Внешние войны настолько занимали Севера, что не успел он еще передохнуть как ввязался в гражданскую войну против Альбина, которому, после того как он уничтожил Нигера и устроил дела согласно своим желаниям, он совсем не хотел давать ни титула Цезаря, ни почестей, ему положенных, тогда как другой свидетельствовал, что не удовлетворен союзом и разделом императорского звания с Севером. Мы другие сенаторы оставались в спокойствии среди шума оружия, которое колебало вселенную, и не участвуя в политике, довольствовались тем, что высказывали наши чувства самым близким друзьям, и делились с ними нашими опасениями и надеждами. Однако, народ не был столь умерен, и не смог держать внутри боль, когда собрался в очень большом числе на зрелище цирковых игр в последний день, который предшествовал сатурналиям, и когда я сам пошел туда по любезности консула, моего друга и рассмотрел внимательно, что там произошло, так что могу составить весьма точный рассказ. Итак, народ наблюдал за бегущими колесницами, как они мчались по шесть одновременно, как и при Клеандре, и не ведя разговоров, чтобы не хвалить согласно обычаю никого из возниц. Но как только первый заезд окончился и возницы готовились начать второй, народ, который хранил тогда хмурое молчание, внезапно зарукоплескал и стал давать обеты в пользу государства. Пожелав Риму вечного счастья и назвав Город императорским и бессмертным, они воскликнули: «Доколе нам жить в столь гибельной нищете и терпеть столь жестокую войну?» Они сказали другие подобные вещи и затем опять принялись смотреть скачки. Казалось, что какой–то гений побудил их к этой овации, поскольку без сомнения, столько мириад людей не могло бы никогда условиться произнести в один и тот же момент те же слова и те же слоги. Однако, если мы были удивлены этим народным гласом, то гораздо больше нас поразили огни, которые появились в течение ночи со стороны севера, и которые, казалось, угрожали Риму и самому небу общим пожаром. Но ничто нас не удивило так сильно, как дождь цвета серебра, который выпал на площади Августа. Я не видел, как он падал, но изучил его с вниманием уже на земле и побелил им медные монеты, которые сохраняли белизну только три дня, через которые они вернули свой обычный цвет.

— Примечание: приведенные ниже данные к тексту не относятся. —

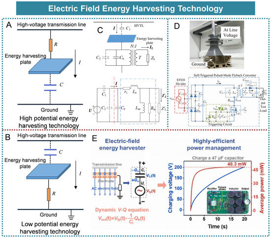 Electric field energy harvesting technologies: (A) High-potential energy harvesting method. (B) Low-potential energy harvesting method. (C) A method for collecting spatial electric field energy by utilizing the impedance conversion characteristics of transformers and the reactive power compensation characteristics of capacitors. Reprinted with permission from [59]. (D) A self-triggered pulsed-mode flyback converter for electric field energy harvesting. Reprinted with permission from [60]. (E) A scheme for maximizing energy transmission efficiency by managing charge transfer at peak voltage. Reprinted with permission from [61].
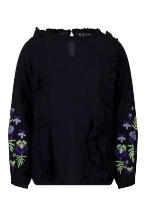 Smock top van D-zine. De top heeft een elastieken body met pofmouw. De mouwen kunnen off the shoulder of gewoon. Materiaal: 100% viscose. wassen op 30 graden, niet bleken, niet in de droger, kan gestreken worden.
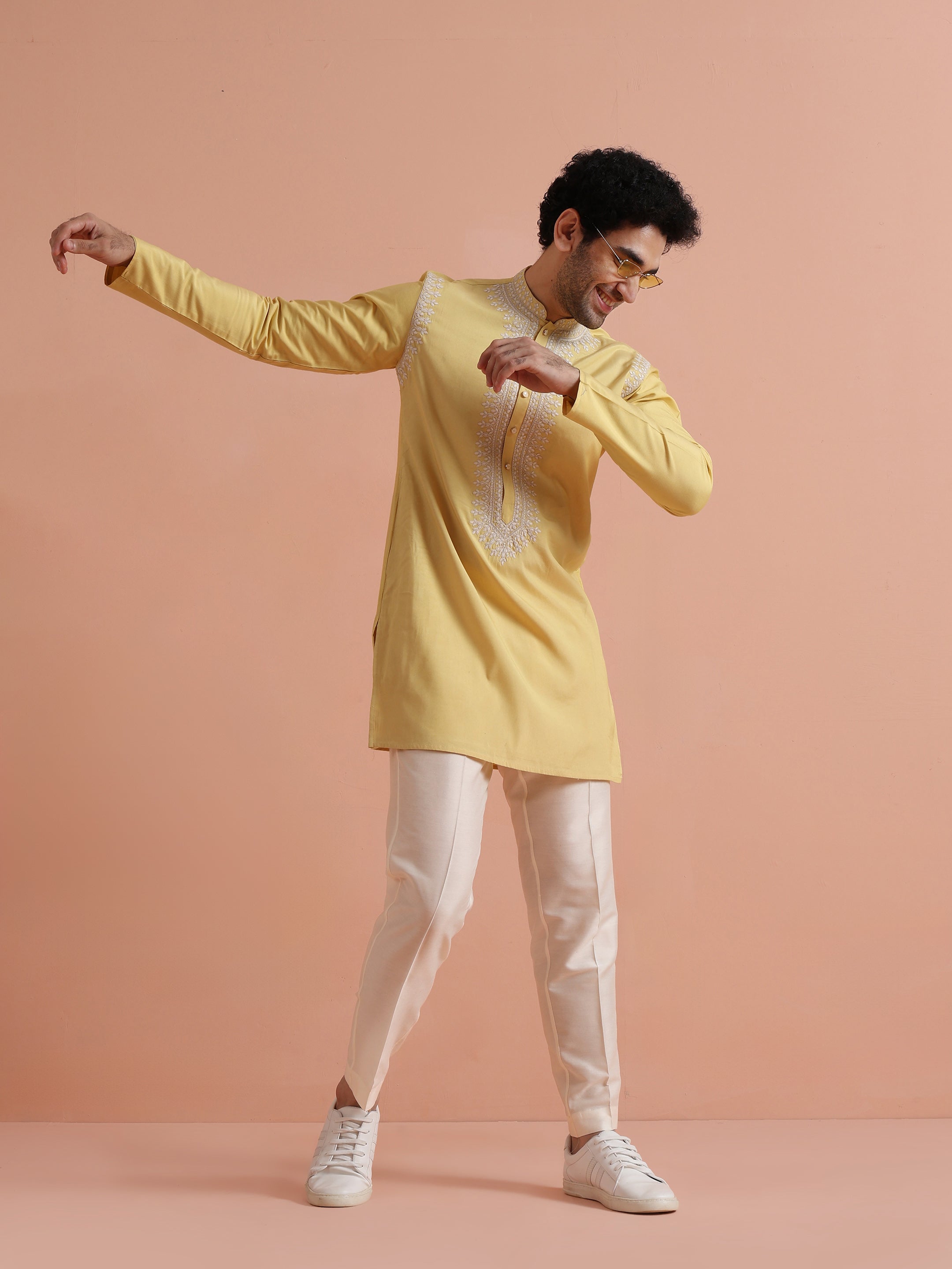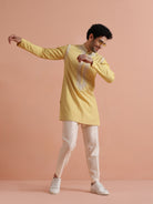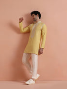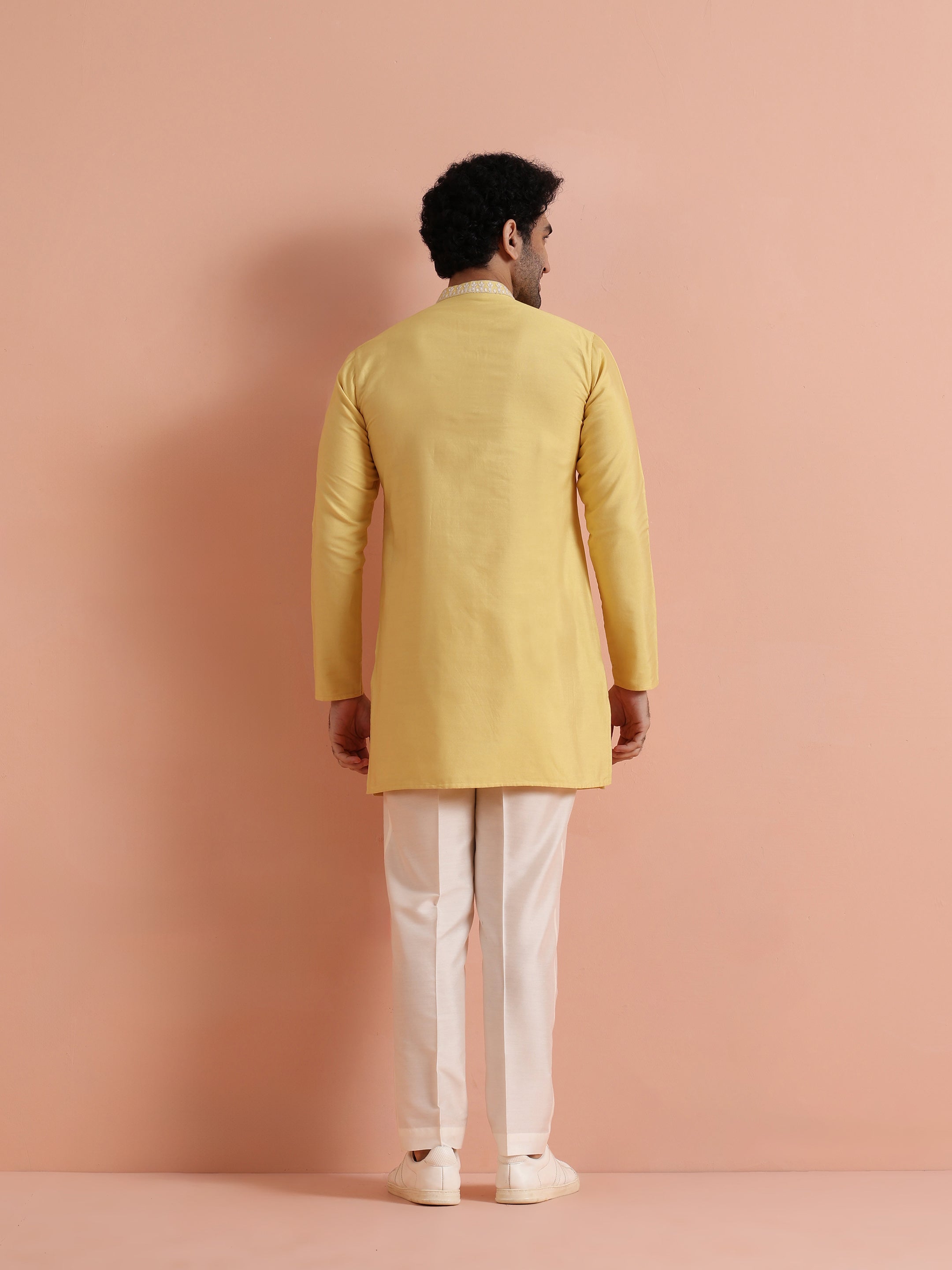Bright yellow embroidered poly silk mid kurta by Kisah. Perfect festive wear with elegant neckline detailing and comfortable fit for celebrations.
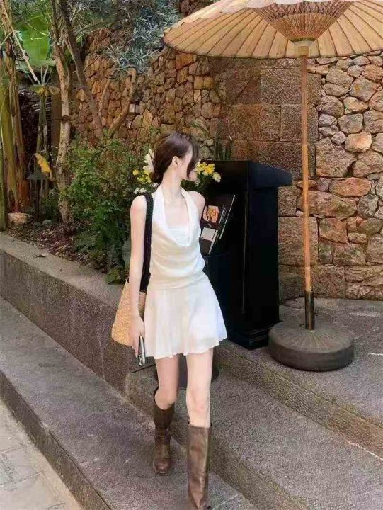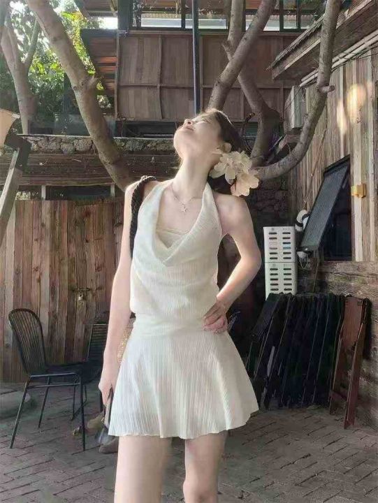 上新全清:11.8一件纯欲风辣妹荡领挂脖褶皱收腰连衣裙...
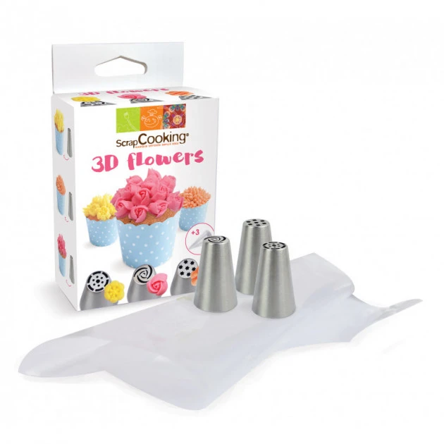 Le Kit douilles inox Fleurs 3D ScrapCooking contient 3 douilles russes fantaisies, avec 3 poches pùtissiÚres. Avec les 3 motifs différents de fleurs, vous pourrez faire des décors de fleurs trÚs facilement. Le rendu sera spectaculaire et fera son petit effet sur vos invités !
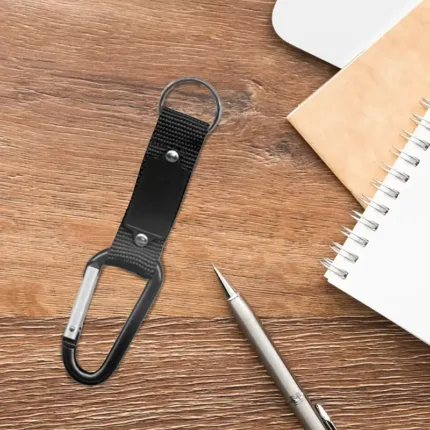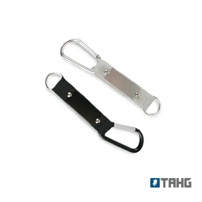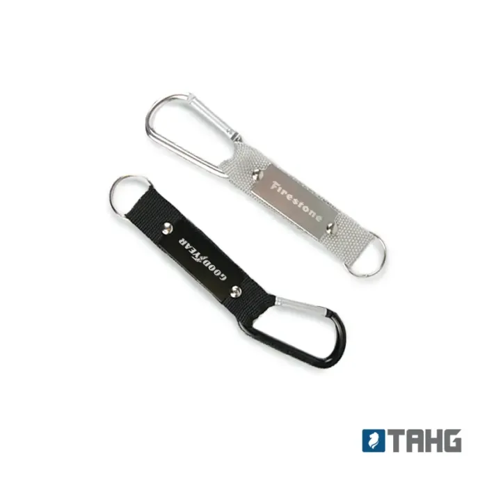 Llavero tejido de Polyester con un mosquetón de seguridad y una placa de metal para personalizar. La placa puede ser utlizada para domes o grabado láser. Medidas: 13 cm x 3,1 cm incluído el anillo (anillo de 25 mm). Tahg
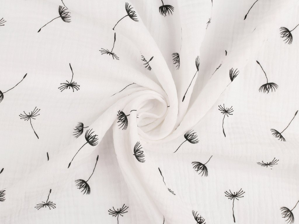 Bavlněný mušelín zdobí potisk jemného pampeliškového chmýří. Je lehký, prodyšný a neprůsvitný, tkaný ze speciálně vyhlazených vláken. Vyniká dostatečnou pevností a odolností, je ze dvou vrstev spojených neviditelnými stehy. Pokožka si ho zamiluje hlavně v letních měsících. Velkou výhodou je, že se nemusí žehlit. Mušelín je oblíbený na dětské výrobky, dečky, osušky i lehké letní šaty, sukně, tuniky, šátky apod.- Gramáž: 115 - 125 g/m²
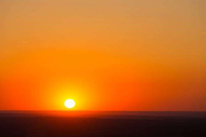 Восход зари на самой линии горизонта предвещает теплый и светлый день.
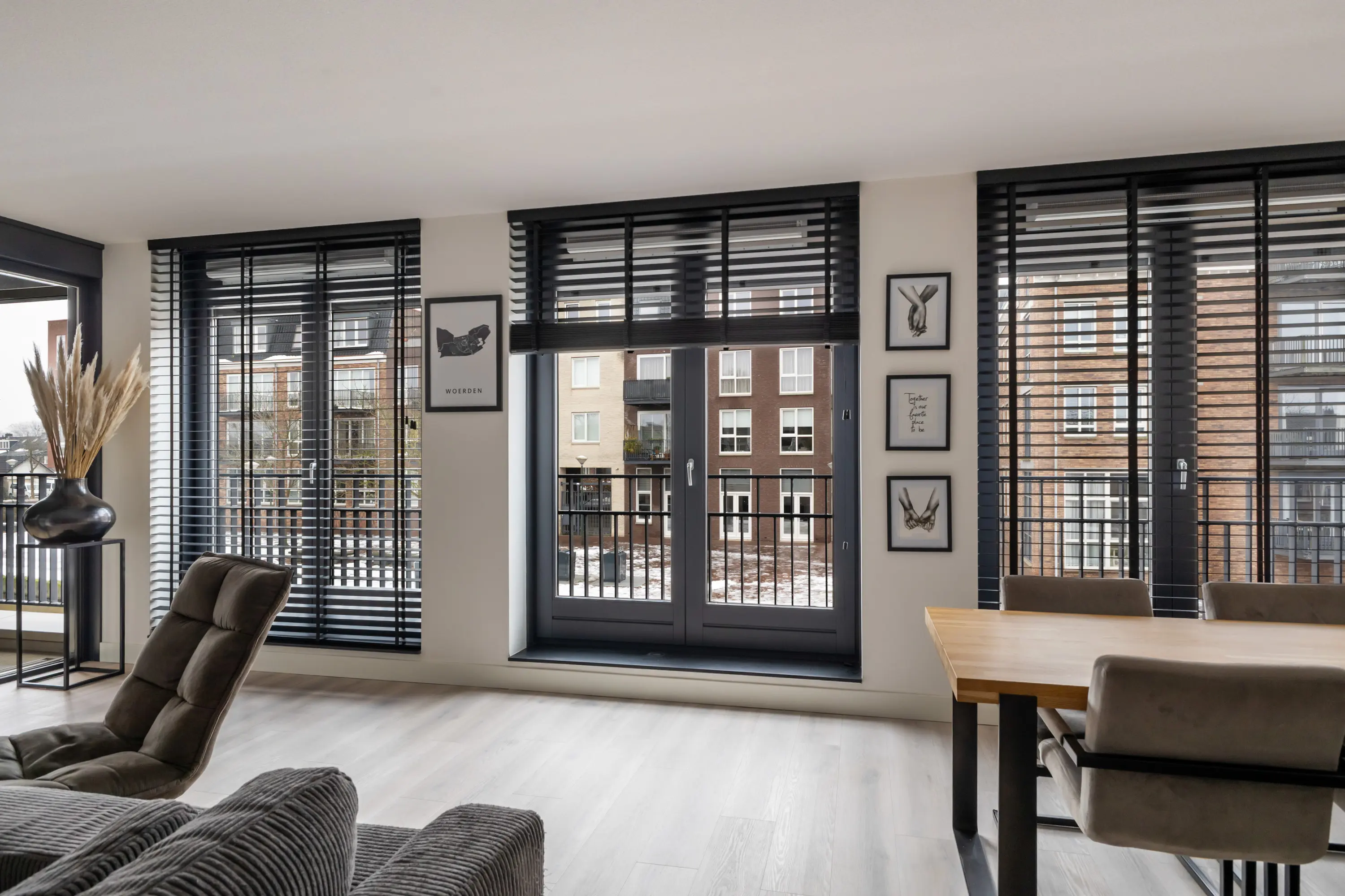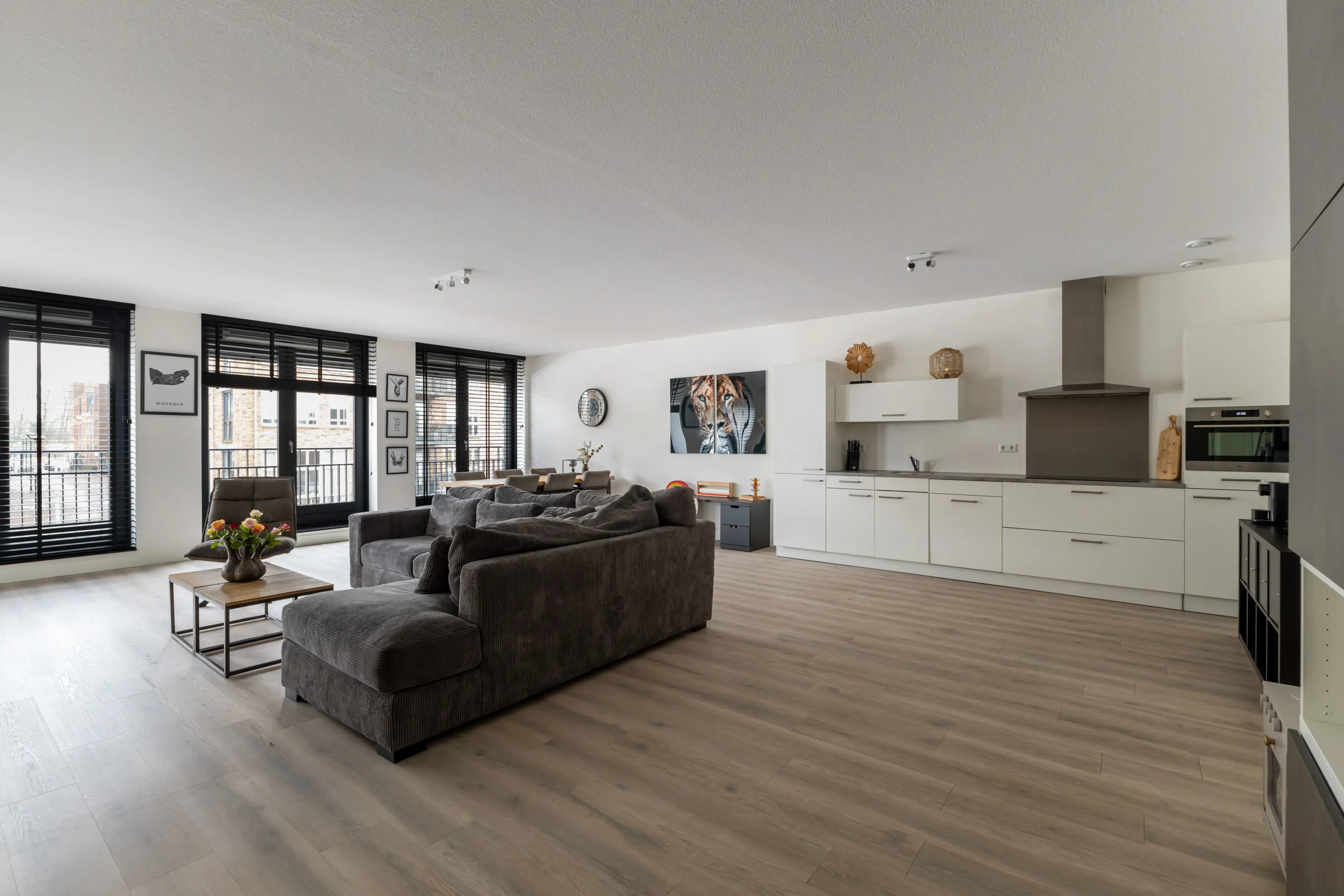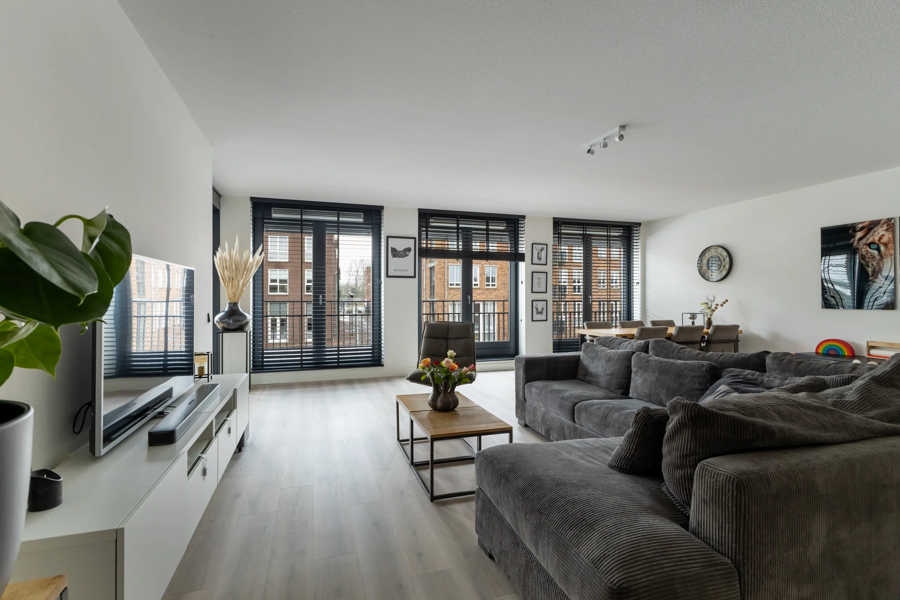 Royale en lichte woonkamer met 3 dubbele openslaande deuren en Franse balkons. Al deze ramen zijn voorzien van screens aan de buitenzijde.
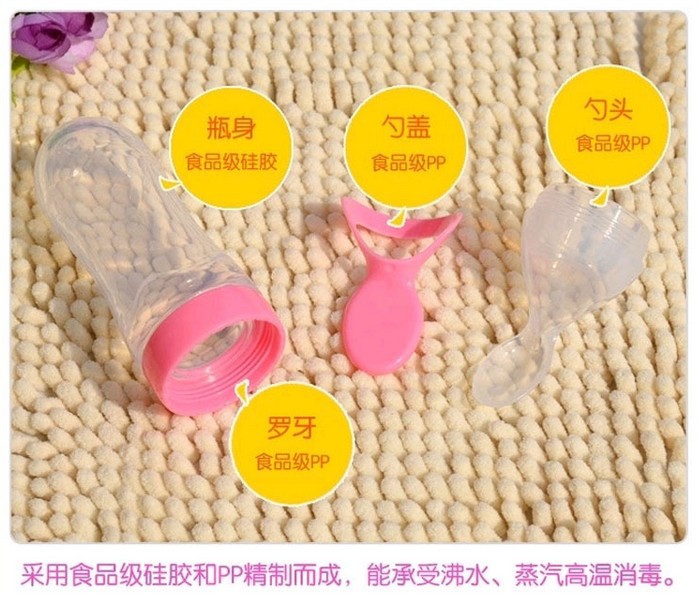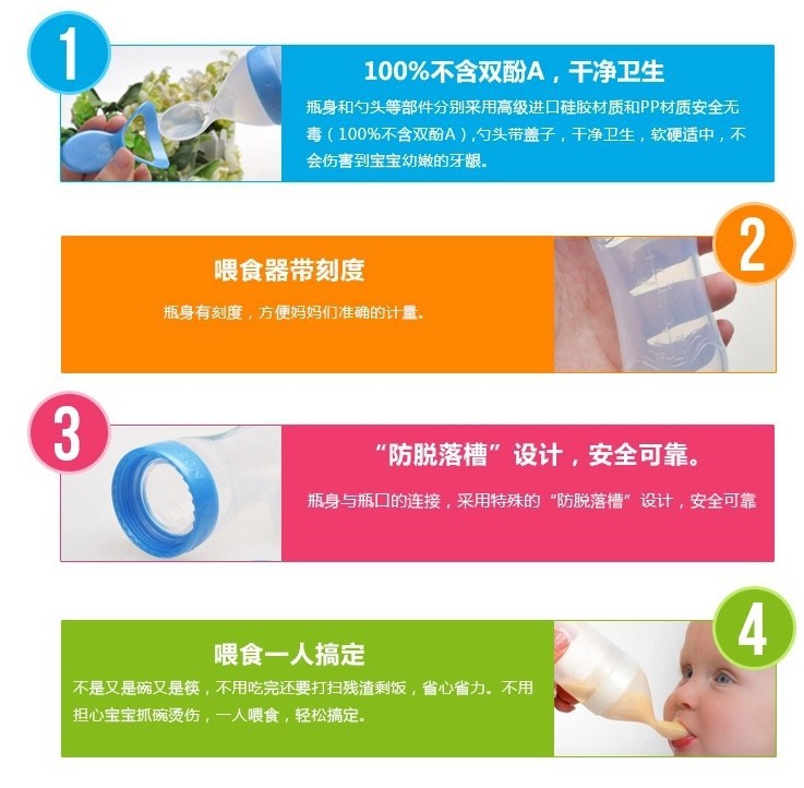 特点:采用安全硅胶材质,耐高温。特有带盖勺子,适合给宝宝喂米糊,辅食,牛奶等等!宝宝离乳期的过度奶瓶,是宝宝必备神器哦!
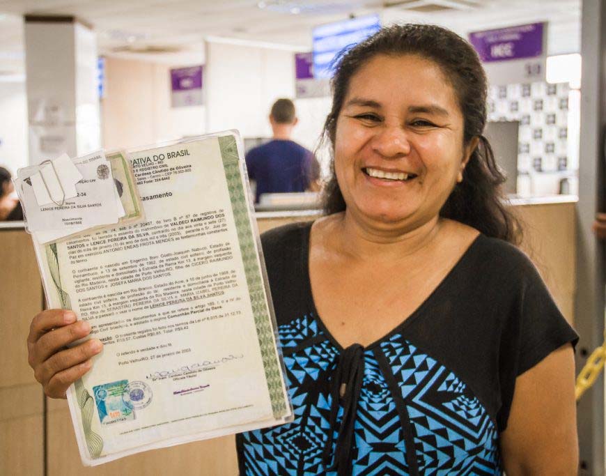 Lenice mostra sorridente os documentos emitidos no Tudo Aqui da sete de setembro
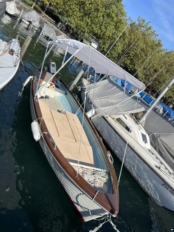 Tolles Badeboot in einem schönen Holz-Design. Eingewassert im Zürichsee (Hafen Riesbach). Ohne Trailer. Diverse Staumöglichkeiten. Mit Bimini-Sonnenschutz. Neue Ganzpersenning. Inkl. div. Zubehör wie Schwimmwesten, Ruder etc. Es ist kein Bootsführerschein nötig. Ab Schifffahrtskontrolle Frühling 2026.

Нумериан, учитель грамматики, который обучал детей, уехал неизвестно по какой причине из Рима в Галлию, где притворился сенатором, посланным Севером, чтобы набрать войска, и действительно набрал и разбил конные отряды Альбина, и совершил еще другие памятные подвиги. Север написал ему в убеждении, что он был на самом деле сенатор, похвалил его мужество и благословил на новые подвиги. Тот же увеличив войска, совершил еще более великие деяния, чем прежде, и собрал до семи тысяч семисот пятидесяти драхм, которые послал императору. Придя затем к нему после войны, он объявил ему правду, и совсем не требуя ни звания настоящего сенатора, ни богатства, ни почестей в вознаграждение своих услуг, довольствовался проживанием за городом и очень скромной суммой от щедрот Севера.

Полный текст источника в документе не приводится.